Her death moves even closer: “Rosa saw that today Magda was going to die.” Finally, Magda screams and the time of her death is present: Rosa “saw that Magda was going to die.” The repetition causes an echo in the reader’s mind: Magda is going to die, Magda is going to die. Although Rosa and Magda are also introduced in this paragraph, each reference to the mother and child is countered with comments on Stella’s character.

Of the three women, Magda is the only one who experiences any true joy in the story, and she is robbed of it by the end. Perhaps the shawl can be seen as an object used to show us how strong the human will to survive is. . 1975 To evoke is to do what almost anyone who has taken any writing class has been told: to show rather than tell. She cannot scream or do anything else that would indicate that Magda was her child. An important characteristic of this style is how much information Ozick trusts the reader to fill in for him or herself.
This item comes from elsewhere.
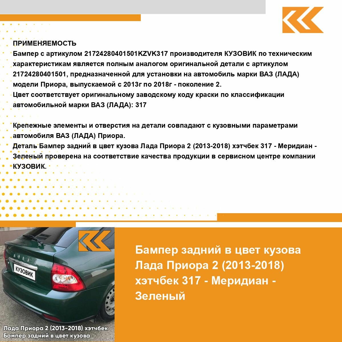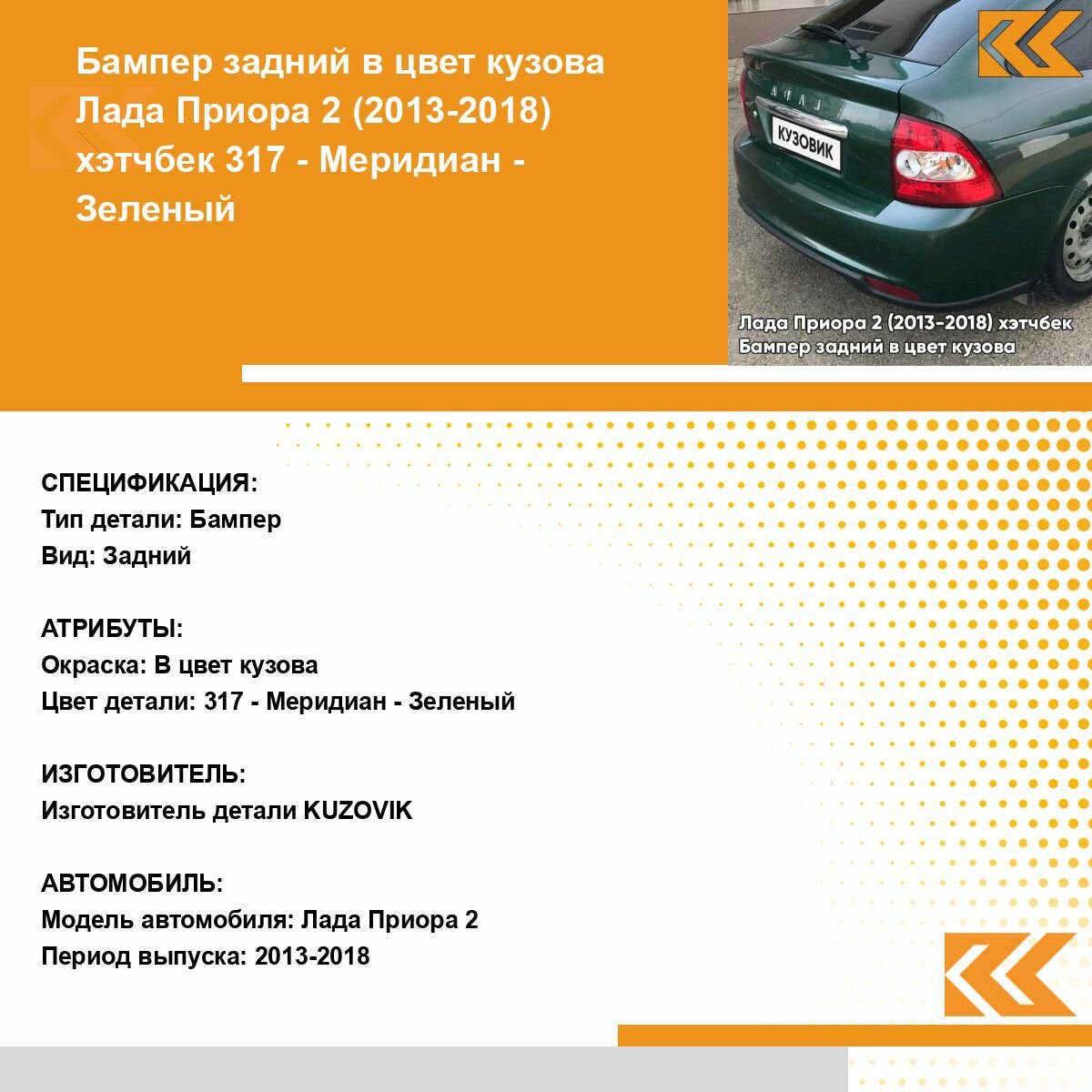 | Подробная комплектация | Бампер задний в цвет кузова для Лада Приора 2 (2013-2018) хэтчбек |

There was not enough milk; sometimes Magda sucked air; then she screamed.

The Shawl (1989). When Magda is killed, readers witness the scene from the position of a mother watching as her daughter is murdered. The narrator notes that Rosa has a yellow star sewn into her coat, and Magda has blue eyes and yellow hair, like one of “them.” Soon it is clear that Rosa and Stella are Jewish women who are being marched to a concentration camp. . But one sunny afternoon, Stella appropriates the shawl for herself and goes to sleep beneath it in the barracks. “Destructive Intimacy: The Shoah Between Mother and Daughter in Fictions by Cynthia Ozick, Norma Rosen and Rebecca Goldstein,” in Studies in American Jewish Literature, Vol.

She knows Magda will not live, yet she protects her with, “Ozick strongly implies that the camps, designed to turn Jews into matter and then to destroy that matter, although successful to an awesome and staggering degree, were not able to achieve complete domination of the Jewish soul.”. Rosa’s mental disconnect from her surroundings create a schism between her and Stella, and the reader feels the strife between them acted out on Magda.

Later, Rosa fears that someone in the camp will kill Magda for the same reason.

As she watches her baby murdered, there is nothing further Rosa can do without endangering her own life. Yet her entire youth was spent in a world where Jews were persecuted, then murdered, in Nazi-dominated countries, and refused sanctuary in most other countries, including her own United States. Klingenstein, Suzanne. Ravenous, tumor-kneed, chicken-elbowed Stella. She says she is “swallowing” the wolf’s screech, but she also seems to be trying to ingest the shawl, tasting her daughter’s saliva, drinking it dry. Magda, an infant, will be killed if she is discovered, so Rosa considers giving Magda to someone by the side of the road.